About our research

About our research

The Centre for Migration and Postcolonial Studies (MAPS) works in the fields of postcolonial, migration and diaspora studies, literary and cultural geography, and global testimony studies.

Our research deals with a range of disciplines relating to South Asia, Africa, the Caribbean and South East Asia, as well as minority and diasporic cultures in the UK and beyond.

With the current migration crisis, our work has never been more timely or more relevant.

We often work with award-winning writers from the Manchester Writing School, one of the largest postgraduate English and creative writing communities in the UK.

Manchester itself has a history of migration and postcolonial encounters, making it one of the more ethnically diverse cities in Europe.

We want to create an inclusive, international culture at the University through local and international partnerships, and by exploring how histories of migration shape and mark literary and cultural landscapes.

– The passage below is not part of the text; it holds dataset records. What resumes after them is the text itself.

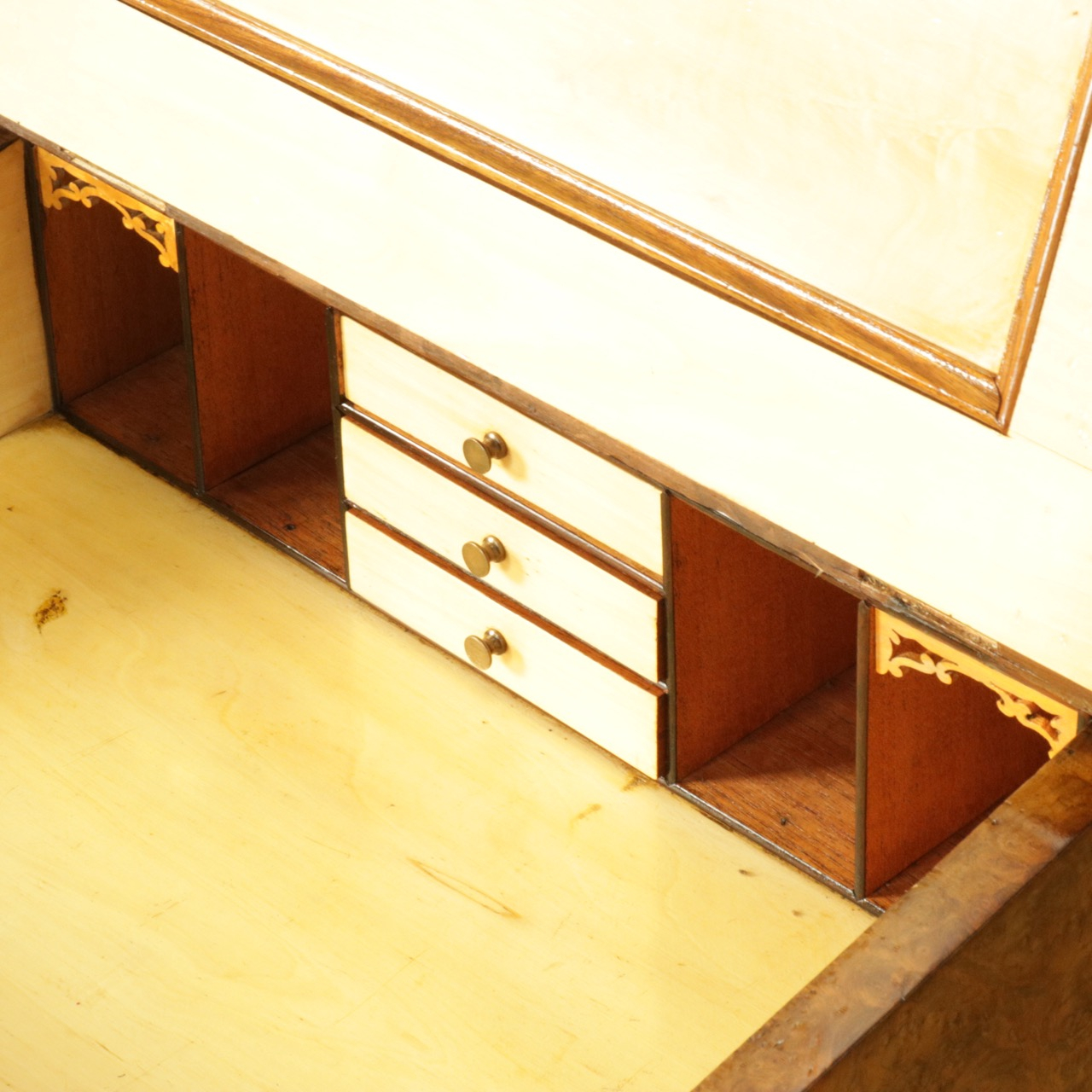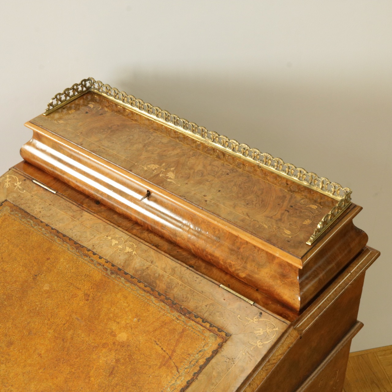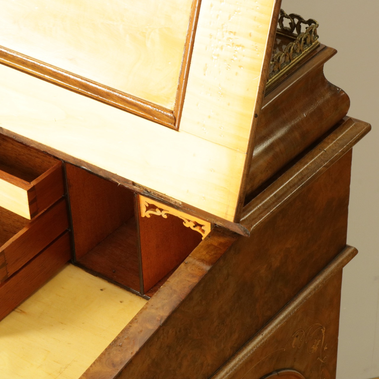 真鍮製のギャラリー付きのトップを開くと、ペントレイやインク入れの名残が。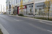 An empty street in the heart of Toronto's business district. Modern architecture dominates the skyline, with office buildings and storefronts lining the urban thoroughfare. Trees provide a touch of green amidst the concrete jungle.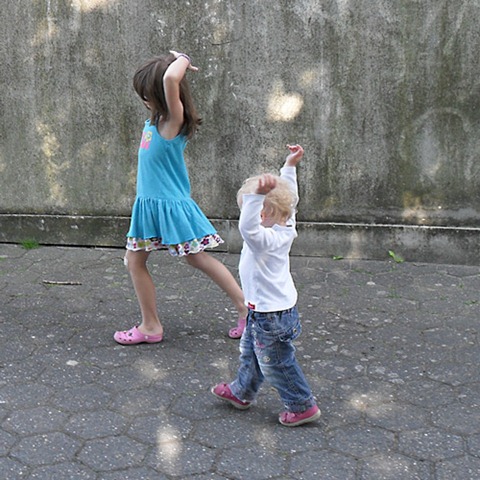 Heute morgen durfte ich dann ausschlafen und erst gegen kurz vor 10 Uhr zogen wir los in Richtung Flohmarkt. Keine Rutsche gefunden, dafür hat Jana sich mal wieder Polly Pocket gekauft. Mittag essen, Wäsche machen, mit Lena spielen und dann ging es ab in den Keller. Eigentlich wollte ich nur eine kurze Hose von Jana suchen (nämlich die auf dem 3. LO hier ) für Lena und einen alten selbstgestrickten Pullover den unsere Nachbarin uns damals für Jana gegeben hat und den sie jetzt gerne ihrem Patenkind weiterreichen würde. Nach oben geschleppt haben wir dann ca. einen Umzugskarton voll Kleidung. Auch wenn Lena noch 74 trägt, 86er Kleider passen schon und dann wären da noch Schlafanzüge, Unterwäsche, 80er Sachen und sogar noch ein paar T-Shirts in 74. Sogar die Winterjacken in 80 hab ich schon mal mitgeschleppt *lach*.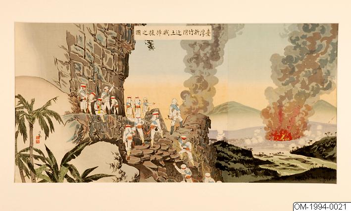 Titel: De japanska trupperna segrar över rebellerna nära Hsinchu på Taiwan (Taiwan Shinchiku fukin dozoku sôjô no zu / Japanese Forces Sweep Out Rebels near Hsinchu in Taiwan)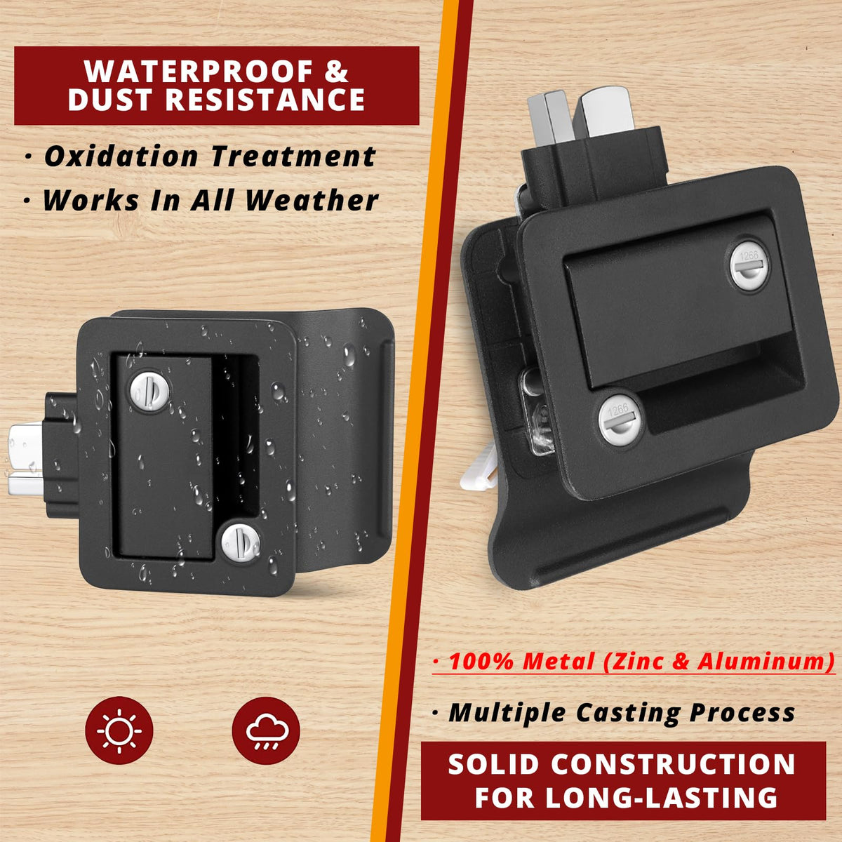 RAMKLE NEW UPGRADED RV DOOR LOCK - Making your RV safely lock counts! Features: - Zinc alloy all metal material - Easy to install - Keep you and your family safe - Different lock cylinders for each set of products - Dust & waterproof - Free installation tools - Corrosion-resisting, oxidation treatment, wear resistance - Replaces most popular locks with an opening of 3.6'' x 2.67'' x 1.5'' How to Replace: - Install the front part into the door - Mounting strike plate - Verify the deadbolt knob to match the front part - Assemble the back part, and mount pinch plate and tighten the screws Package Includes: - 1 x RV door lock - 4 x mechanical keys - 10 x screws of different lengths - 1 inside Latch - 1 outside Latch - 1 x installation manual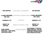 | Motor Capacity | 3.7V 14500 500mAh / 7.4V 380mAh |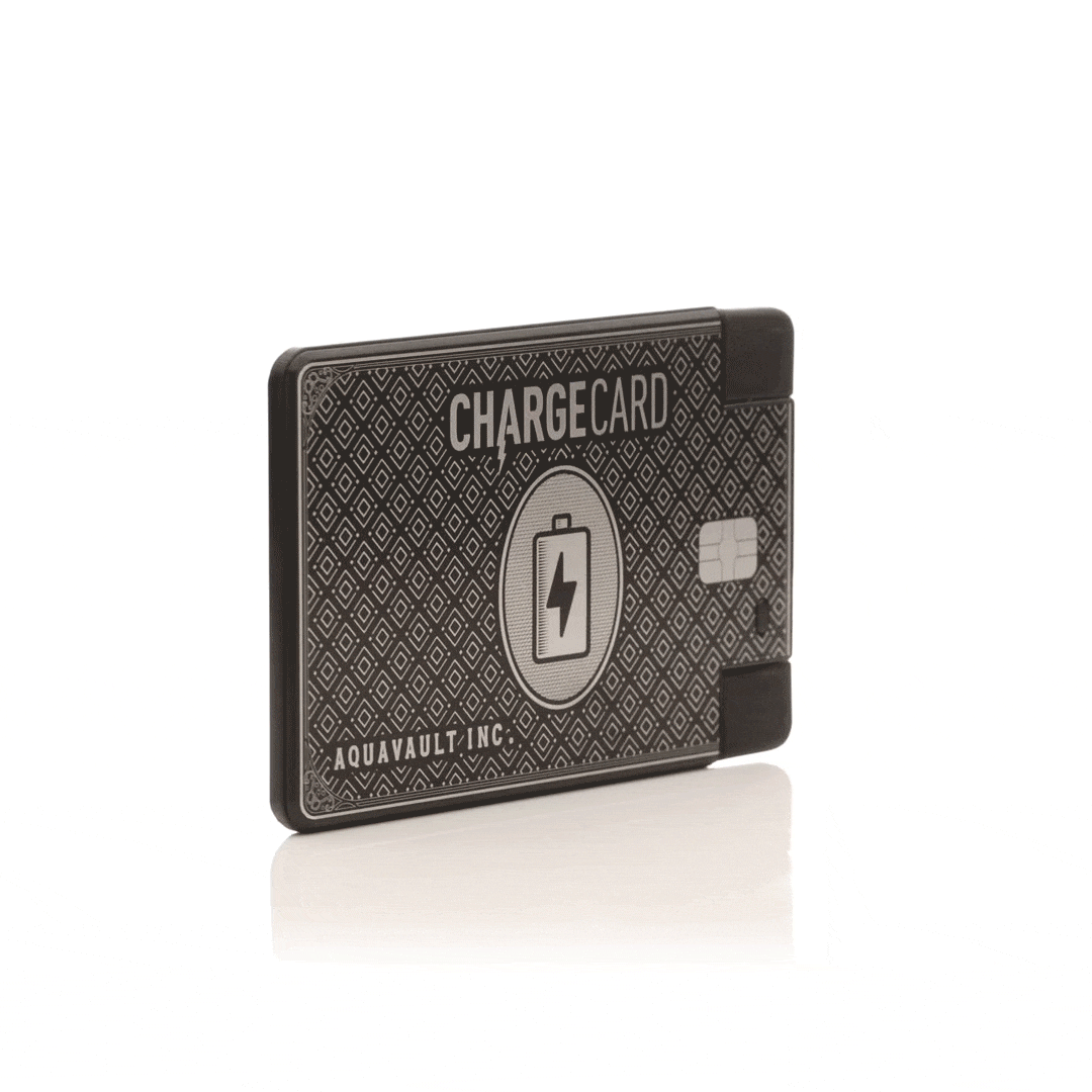 • Has four LED power lights which display how much battery is remaining. When the ChargeCard is dead, just charge it back up by plugging it into the wall or computer
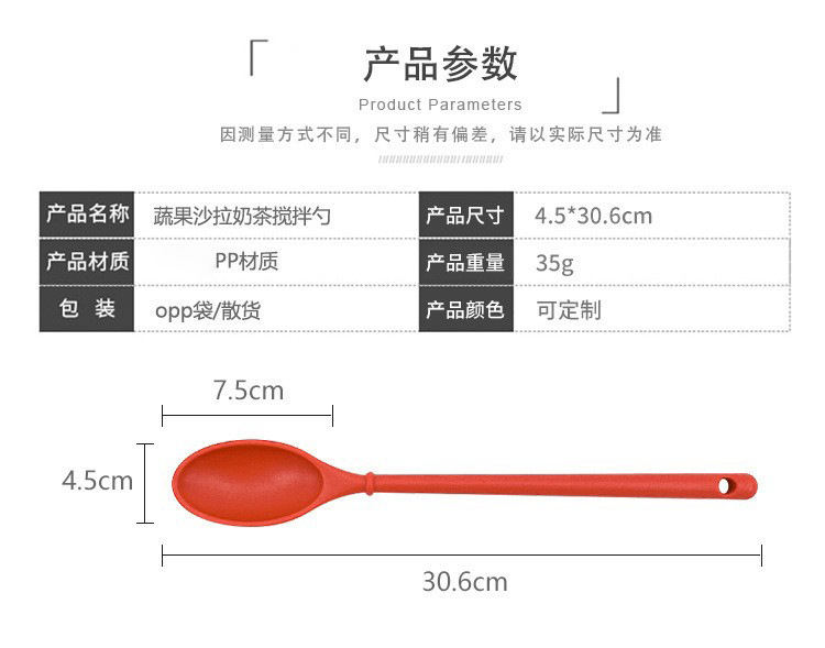 プラスチックの長い柄のサラダのスプーンのミルクティーのコーヒーはスプーンのサラダをかき混ぜます。
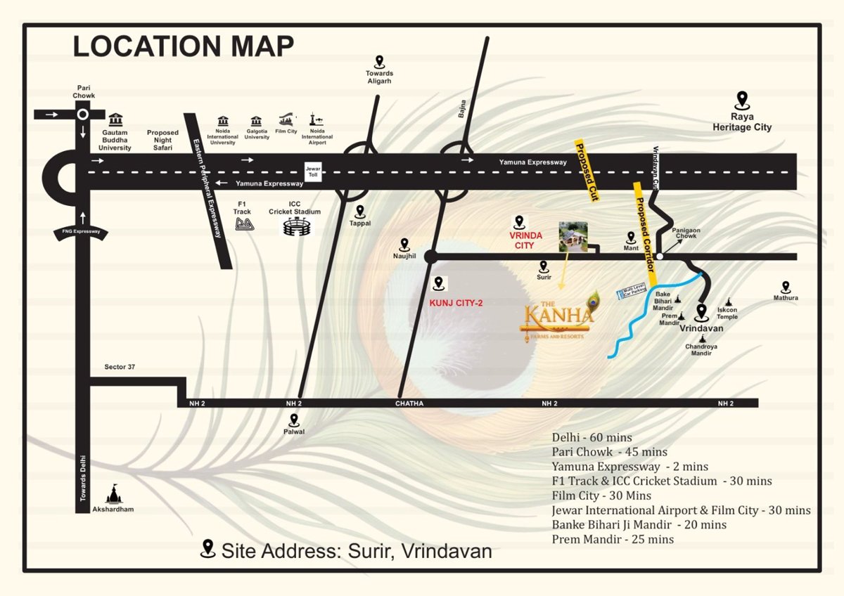 A Luxury Retreat Near Jewar Airport & Film City: Discover Kanha Farms & Resorts — a premium development offering resort-style living with the charm of nature and the elegance of modern luxury. Strategically located near Jewar International Airport and the upcoming Film City, this project promises high investment potential, serene surroundings, and world-class amenities.
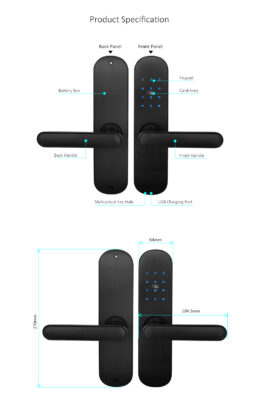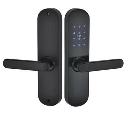 Cerradura inteligente accesible en precio para puertas interiores y exteriores de madera y metal. Ofrece una instalación sencilla en puertas con un grosor de 30 a 100 mm.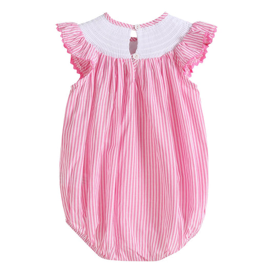 PINK STRIPED FLAMINGO SMOCKED FLUTTER ROMPER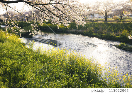 川沿いに咲く菜の花と桜の木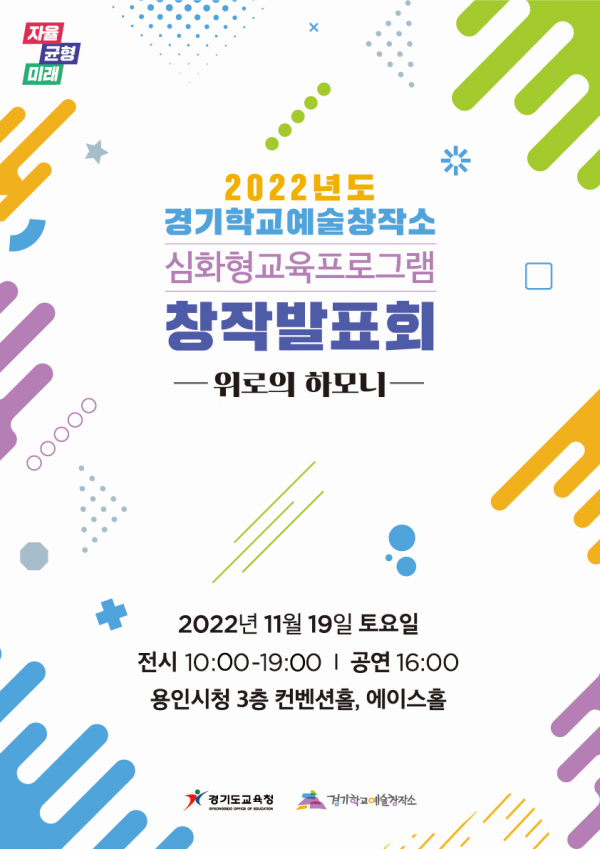 ◦ 19일 10:00~19:00 평면조형, 입체조형, 미디어영상 등 학생 작품 60점 내외 전시◦ 19일 16:00 힙합, 무용, 뮤지컬, 연극연출 등 학생 공연, 유튜브 경기도교육청 TV 채널 통해 실시간 방송 경기도교육청(교육감 임태희)은 오는 19일 용인시청 컨벤션홀과 에이스홀에서 경기학교예술창작소 창작발표회 ‘위로의 하모니’ 전시와 공연을 한다. 이번 발표회는 경기학교예…

Our continuing aim is to connect the history of colonialism to the literary and cultural future.

As well as our MA English course in postcolonial studies, we also run a speakers’ series, a reading group, a film club and a writers’ forum on creative-critical conversations.

Our research themes

Our research topics

Postcolonial Trauma and Testimony Studies

The intersecting fields of trauma and testimony studies are widely researched in MAPS. Professor Minoli Salgado’s Leverhulme-funded project, The Other Side of Violence, offers a practice-based comparative critique of witness literature. This draws on fieldwork in Cambodia and Sri Lanka, as well as work with the National Peace Council, Sri Lanka. This research is reflected in the MA course on Postcolonial Trauma which engages with literature and film from these areas, as well as from Nigeria, South Africa, Sudan and Northern Ireland. It is currently taught by Professor Salgado, Dr Eleanor Byrne and Dr Sonja Lawrenson. 

Climate Change and the Global South

Dr Chloe Germaine and Dr Ben Bowman are leading a project on Climate Imaginaries relating to climate fiction and young people’s environmentalism funded by the Political Studies Association. In addition, Dr Muzna Rahman is interested in the intersections between climate change, sustainability and literary studies, and has worked as a visiting researcher at the International Centre for Climate Change and Development in Dhaka, Bangladesh.

Decolonising Comedy Studies

Dr Sarah Ilott leads on a project that challenges the existing canon of comedy theory. Working with researchers, performers and writers from across the globe, the project provides alternative histories and ways of understanding comic performance that decentre the privileged white, male, European subject position.